Start of Given information

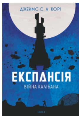
Експансія. Кн. 2
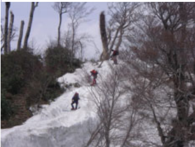
11:50 ややこしいカール上通過
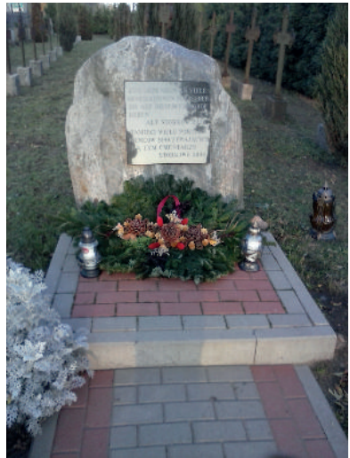
Gedenkstein in Alt Storkow

End of Given information

Prompt »
Without the pictures, transcribe the listing above exactly.

Result of this exercise »
Експансія. Кн. 2
11:50 ややこしいカール上通過
Gedenkstein in Alt Storkow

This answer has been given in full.